Rasional : metabolisme membutuhkan energy
6). Jelaskan pentingnya istirahat dalam rencana pengobatan.
Rasional : tirah baring. Dipertahankan selama fase akut untuk menurunkan
kebutuhan metabolic, menghemat energy untuk penyembuhan.
f. Risiko tinggi kekurangan volume cairan berhubungan denagan peningkatan
evaporasi tubuh, kurangnya intake cairan.
Kriteria Hasil :
Kebutuhan cairan pasien terpenuhi dan adekuat, tanda vital ( suhu ) rentang
normal.
1). Kaji perubahan tanda vital,contoh peningkatansuhu/demam.

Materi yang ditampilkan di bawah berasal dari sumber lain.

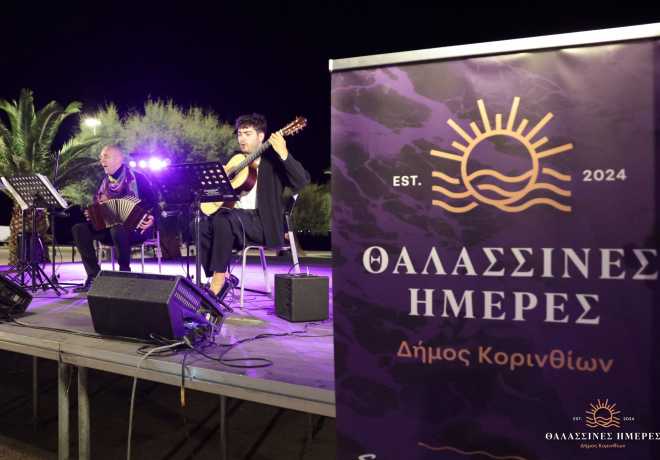 Ο διεθνούς φήμης Ιταλός μπαντονεονίστας Mario Stefano Pietrodarchi και ο διακεκριμένος Κορίνθιος κιθαρίστας Δημήτρης Σουκαράς μας χάρισαν μια εκπληκτική μουσική εμπειρία με θέματα από τον κινηματογράφο, προκαλώντας ρίγη συγκίνησης και θαυμασμού.
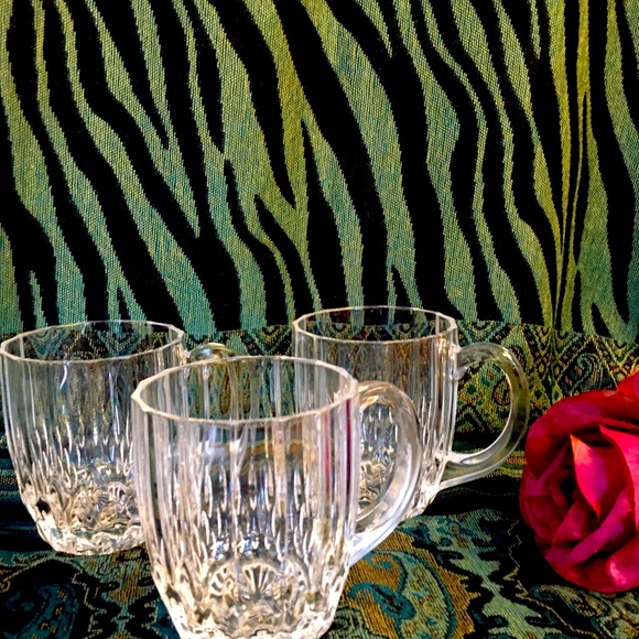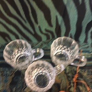 Three vibrant lead crystal mugs without label. 4” tall 3 1/4” across top. Like new.
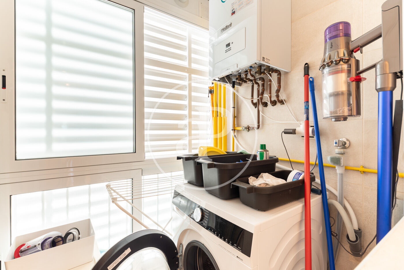 The kitchen is independent and equipped with high-end appliances, complemented by a practical separate laundry area.
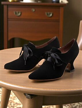 Damesko i edwardiansk stil fra 1920-tallet med røde rutete hæler og svart satengsløyfe – elegante retro julesko til festlige anledninger og anledninger

Rasional : peningkatan suhu/demam meningkatan laju metabolic Sn
kehilangan cairan melalui evaporasi.
2). Kaji turgor kulit, kelembapan membrane mukosa (bibir,lidah).
Rasional : indicator langsung keadekuatan volume cairan, meskipun
membrane mukosa mulut mungkin kering karena nafas mulut dan oksigen
tambahan.
3). Pantau masukan haluaran, catat warna,karakter urine. Hitung keseimbangan
cairan. Waspada kehilangan yang tak tampak. Ukur BB sesuai indikasi.
Rasional : memberiakan informasi tentang keadekuatan volume cairan dan
kebutuhan penggantian.
4). Pertahankan pemasukan cairan yang adekuat.
Rasional : Berguna Menurunkan kehilangan cairan serta peningkatan suhu.
5). Beri obat sesuai indikasi, misalnya antipiretik
Rasional : Berguna menurunkan kehilangan cairan serta peningkatan suhu.
6). Berikan cairan tambahan IV sesuai keperluan.
Rasional : pada adanya penurunan masukan/banyak kehilangan penggunaan
parenteral dapat memperbaiki/mencegah kekurangan.